The data processing was done through a pipeline (algorithm) built by Xiaowei Song, a Northwestern researcher, and verified by Dr. Todd Parrish in the Radiology Department of Northwestern University. After slice timing correction and realignment, functional images were coregistered to the structural images and transformed into MNI standard space (Montreal Neurological Institute). The images were then smoothed using a 6 mm FWHM Gaussian kernel detrended, and bandpass filtered from 0.01 to 0.08 Hz. Images with greater than 0.5 mm of frame-wise displacement (FD) or larger than 50 volume to volume variation (DVARS) were discarded. Nuisance variables were regressed out of the time course, including 24 motion parameters, white matter signal, and cerebrospinal fluid signal. The pipeline consists of a series of three analyses. In the anatomical analysis, only animage of the head should remain in the image and no other artifacts or parts of the body. The skull strip analysis “cuts” out the brain tissue from the other tissues found in the head. The brain tissue was carefully outlined it so that when running other analyses, only data from the brain would be under consideration. Lastly, normalization/overlap was used to warp the patients’ brain images into a template brain, or an “average” human brain, created by averaging images from over 100 people with the same conditions as the patients used in this study. The results of the analyses in the pipeline can be seen in Figure 1.
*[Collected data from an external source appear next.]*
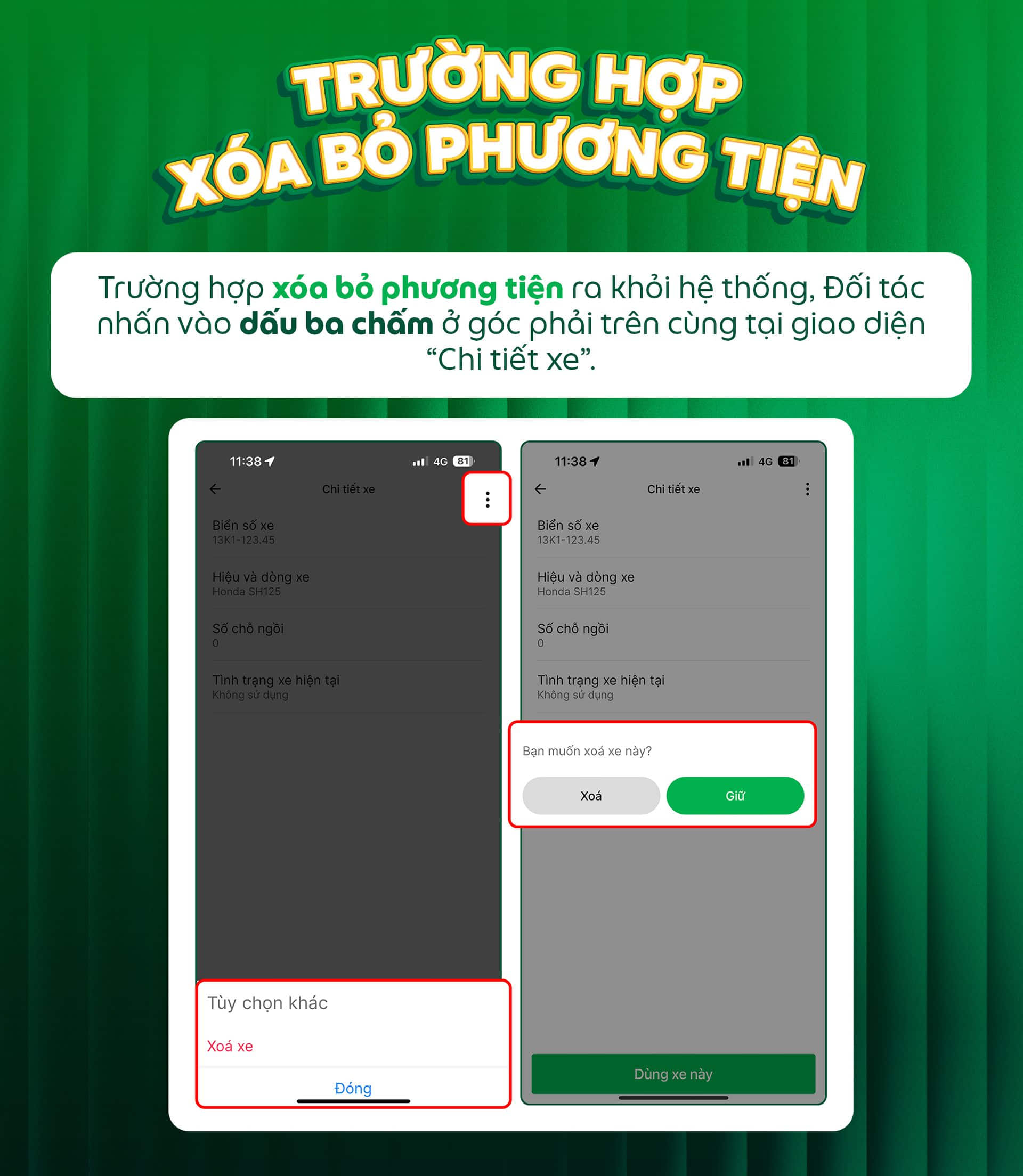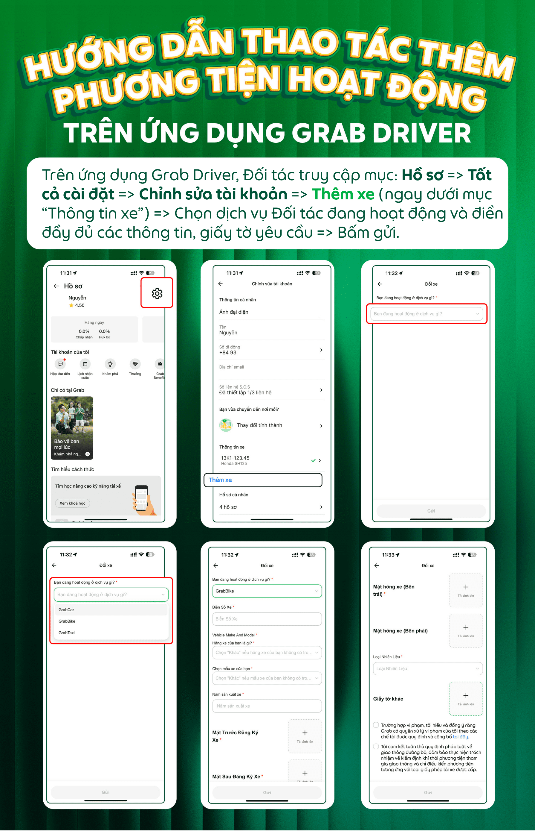 Phương tiện sẽ được Grab kiểm tra và duyệt trước khi Đối tác có thể sử dụng hoạt động.
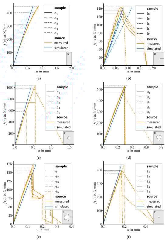Figure 6 depicts the measured load–displacement curves (orange) of all six specimen shapes with five specimens. The gray horizontal lines represent the critical force for each sample. In addition, simulated load–displacement curves are plotted as blue curves, using the specimen shapes (for specimen shape , taking into account the initial crack length of each specimen) with mean material parameters as computed from specimen shape tests, see Section 3.1. This allows for a comparison of the stiffness between experiment and simulation and the validity of using a linear-elastic material model in the simulations.
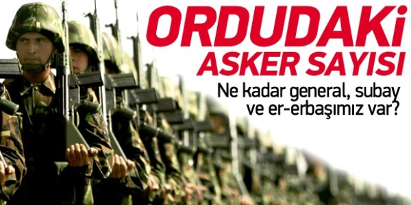 Yedek subay, sivil memur/işçi, uzman, yükümlü  personelle Türk Silahlı Kuvvetlerinin toplam mevcudu 671 bin 275 kişi oluyor. Askeri personel içinde uzman oranı yüzde 35`i buluyor.

From each subject’s normalized anatomical rs-fMRI data, the left and right caudate and putamen were identified using the automated anatomical labeling (AAL) brain template and defined as seed regions of interest (ROI). The locations of these ROIs can be seen in Figure 2. Using seed-based voxel-wise analysis, an average time course was extracted for each seed ROI and correlated with the time courses of other ROIs to determine a correlation value, then Fisher Z transformed into Z values. Z values were correlated with UPDRS-III sub-scores taking into account the effect of the age, sex, on/off PD medication, MoCA, and site of acquisition using statistical functions in MATLAB®.
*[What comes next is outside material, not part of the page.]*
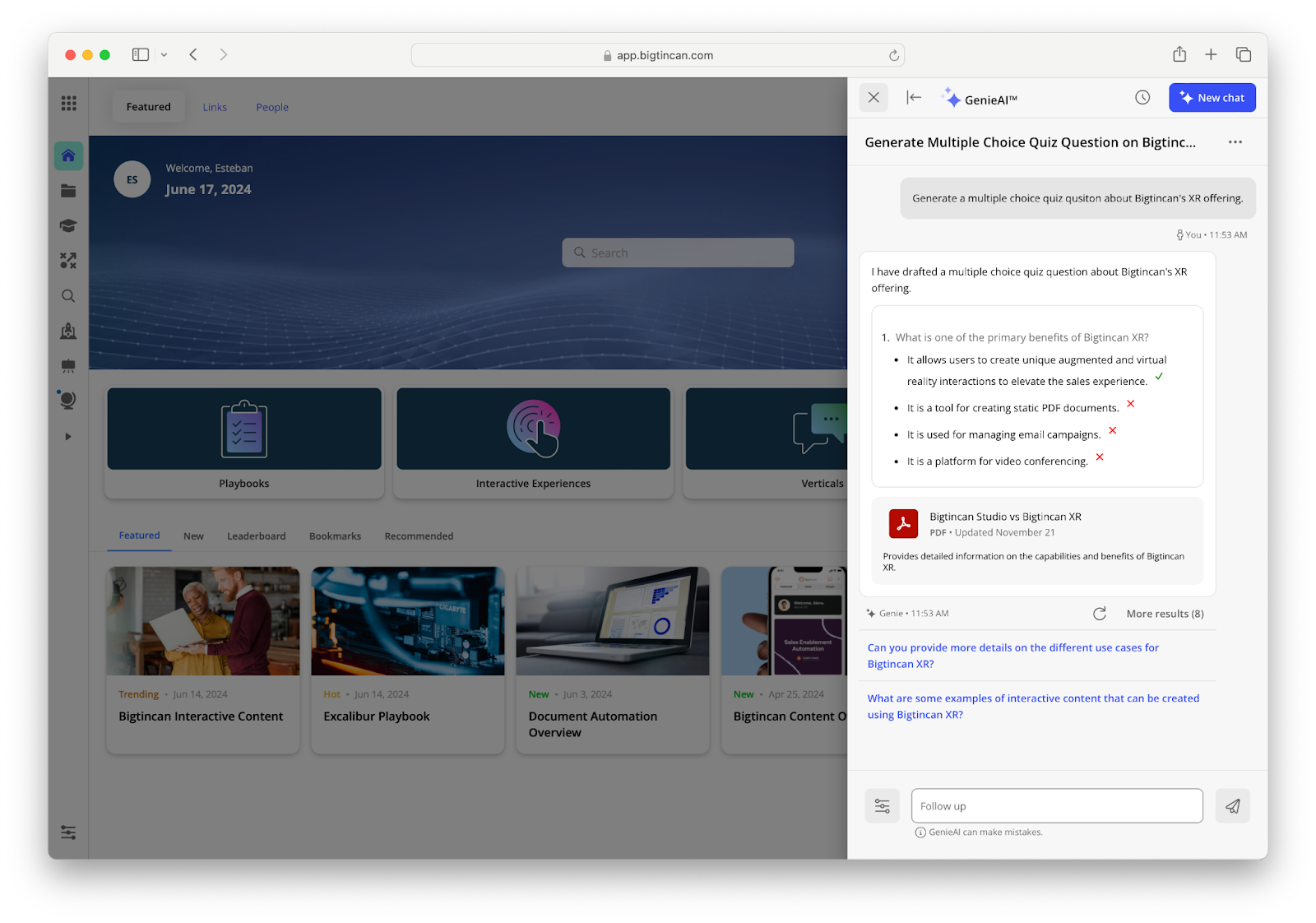 - Generate a multiple choice quiz question about Bigtincan's XR offering.

Functional connectivity between the left and right caudate negatively correlated with rigidity sub-scores in the UPDRS-III (Figure 3), indicating that decreases in correlation between left and right caudates directly correlates with higher severity in rigidity. This trend was not observed in healthy control subjects. The linear regression analysis test yielded a statistical value of P = 6.76 E-6 (P < 0.05) and a correlation coefficient of R = 0.3630. These values were obtained while taking into consideration the effect of patient age and sex along with the medications those patients had during the image acquisition process, the site of image acquisition, and the Montreal Cognitive Assessment (MoCA) scores on the population studied. Functional connectivity maps from two subjects with different severity of PD are shown in Figure 4. The subject with more severe symptoms of rigidity (UPDRS-III subscore = 6) (A) showed lowered connectivity compared to the subject with a lesser degree of rigidity (UPDRS-III subscore = 4) (B). No correlation was observed between functional connectivity within the left and right putamen and disease severity from the UPDRS-III sub-scores (all P > 0.05).
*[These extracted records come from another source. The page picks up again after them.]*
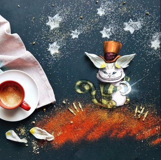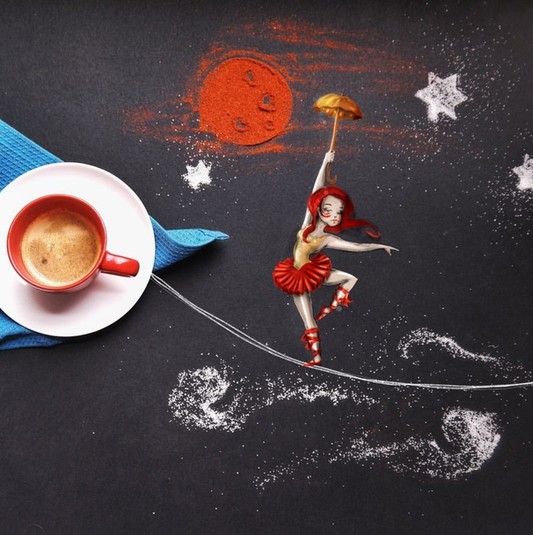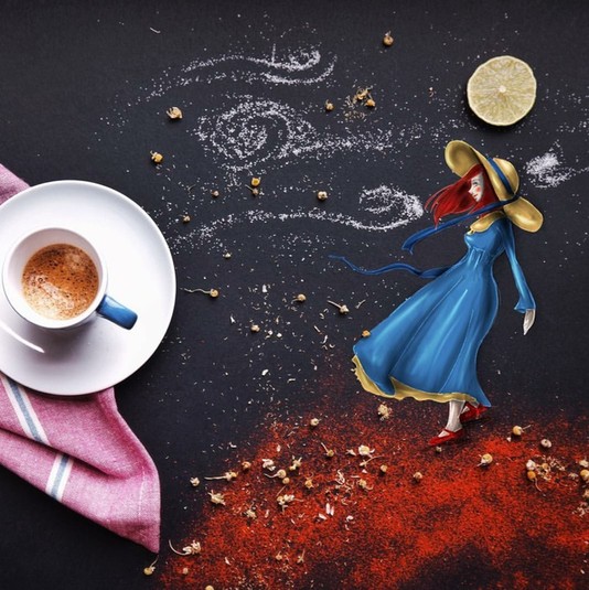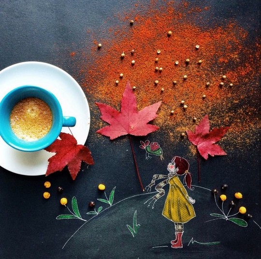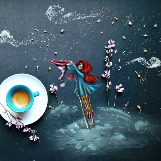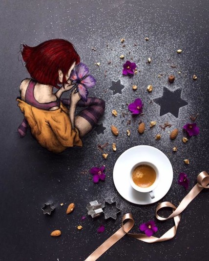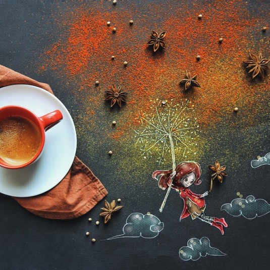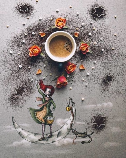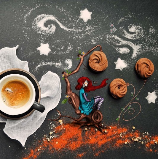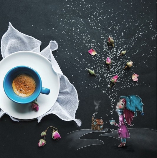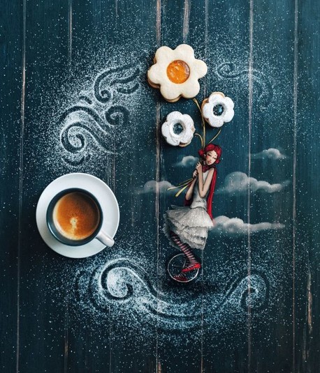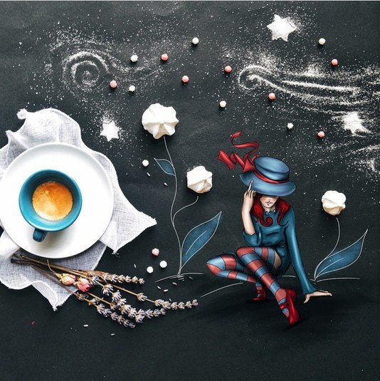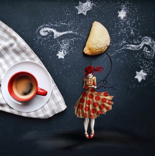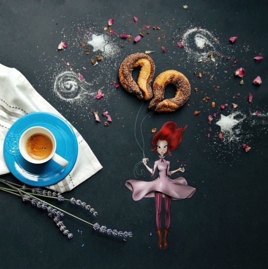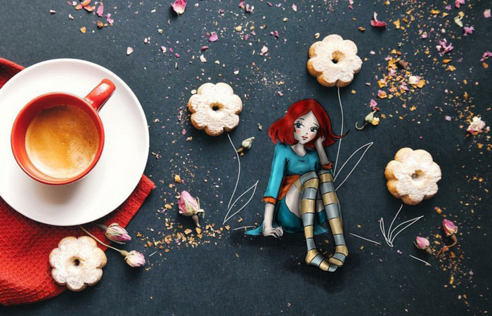 У Синсии же – это маленький (практически ежедневный) ритуал, который не обходится без ароматного кофе и рисования милых картинок, пополняющих её аккаунт в Instagram. Печенье и крендельки превращаются в воздушные шары, луну, месяц, цветочные лепестки и прочие милые штучки, клубника и апельсины преображаются в сочные яркие сердца, под которыми на перекладинах выполняют различные трюки хрупкие девочки в симпатичных костюмах, а сахар на глазах трансформируется в звёздное небо, ветра, пушистые облака и снежные заносы, создавая вокруг очаровательную сказку с милыми персонажами, излучающими тепло.
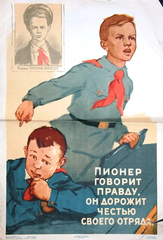 In the comic Morosov is depicted as a victim of communist brainwashing, rather than the heroic martyr figure of Soviet propaganda. Full scan here: lcamtuf.coredump.cx
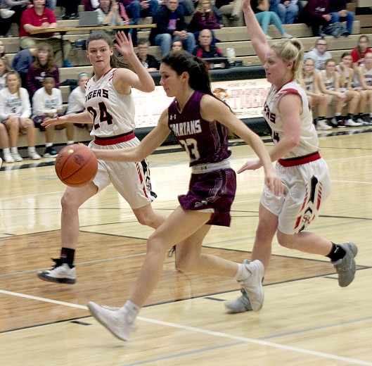 Grundy Center’s Paiton Wallis dribbles around South Hardin's Cora Frohwein (24) and Meghan VandePol (right) during NICL West basketball action Monday. Wallis scored a game-high 22 points and made six of the team's 11 three-point goals in the lopsided 54-9 victory. (Scott Bierle/Mid-America Publishing)
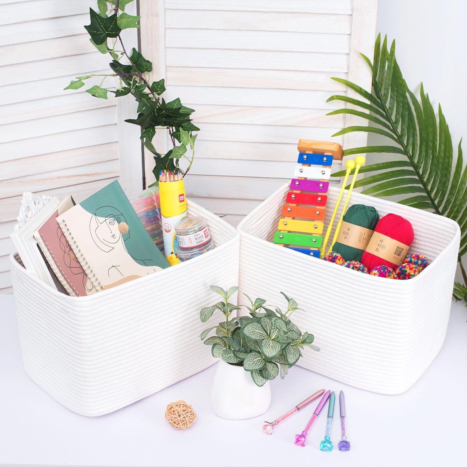 - Decorative Cute Woven Baskets - A stylish and practical way to create eye-catching table and counter-top displays. Not only will our basket set help you get organized, but their sleek, sophisticated shape and neutral color will complement any decor. Put them on a nightstand, a bedside table, a nursery side table, walk-in closet, shelves, kitchen countertop, or bathroom vanity top to add character to your rooms while keeping everything organized.

Figure 1. Shows a good (left) and a bad (right) example for each of the algorithms. The anatomical algorithm’s function is to show the anatomical structure of the patient’s brain from the MRI scanner. The Skull Strip algorithm outlined only the brain tissues, and the overlap algorithm fitted the patient’s brain (in red lines) onto a template brain created by an average of 150 brain scans.

Figure 2. Highlights the main regions in the basal ganglia used as Regions of Interest (ROIs) in this study. The image is an fMRI image with regions labeled in color. The colors have no meaning to the fMRI results. They are for easy identification of ROIs.

Figure 3. Shows the significant correlation between UPDRS-III rigidity score and level of connectivity between the left and right caudate regions of the brain.  There is a negative trend for this correlation. As the UPDRS-III rigidity score decreases, the connectivity between left caudate (CL) and right caudate (CR) increases.

Figure 4. Brain maps displaying the amount of functional connectivity in different PD subjects. Warmer colors (red and orange) represent a larger amount of connectivity, while cooler colors (green and blue) represent lowered functional connectivity.  The subject with lowered connectivity (A) experienced more severe symptoms of rigidity (UPDRS-III subscore = 6) while the subject with a larger amount of functional connectivity (B) experienced a lesser degree of rigidity (UPDRS-III subscore = 4).


In this study, we aimed to verify the validity of using functional connectivity as a biomarker for symptoms of PD. Results of our study show that there is a significant positive correlation between more severe symptoms of rigidity and a loss of functional connectivity within the caudate regions of the basal ganglia network in PD patients. This correlation suggests the possibility of using functional connectivity as a biomarker for certain symptoms of PD.

A decrease in functional connectivity in patients with more severe symptoms of PD may be caused by a remapping of cerebral connectivity as a result of dopamine depletion. A recent study concluded that PD patients have altered connections between regions of the brain in the same pattern that dopamine is depleted as a result of PD (Helmich et al., 2009). As dopaminergic nigrostriatal neurons in the basal ganglia are destroyed, dopamine levels will decrease, which directly causes a change in brain connectivity. Brain activity levels have a direct impact on the severity of PD symptoms but the effect that activity has on specific symptoms of PD remains unknown (Krolikowski et al., 2014; Gottlich et al., 2013). Our results indicate that decreased connectivity in explicit regions may lead to the direct manifestation of certain PD symptoms.

Dopamine supply influences functional connectivity amounts. Additional fluorodopa supplements in the caudate and putamen leads to a decrease in symptoms of rigidity and bradykinesia (Otsuka et al., 1996) but prolonged use of such medication results in further motor diseases and even hallucinations and illusions (Michael J. Fox Foundation for Parkinson’s Research). Patients with akinetic rigid PD symptoms are at a greater risk of developing cognitive impairment (Bunzeck et al., 2013), which also suggests that dopamine depletion as a result of PD not only affects motor function, but cognitive function as well. The caudate is typically considered a cognitive nucleus, so its correlation with the motor function of rigidity suggests a possible relationship between cognitive regions of the brain and various symptoms of PD, although further investigation is required to confirm this claim.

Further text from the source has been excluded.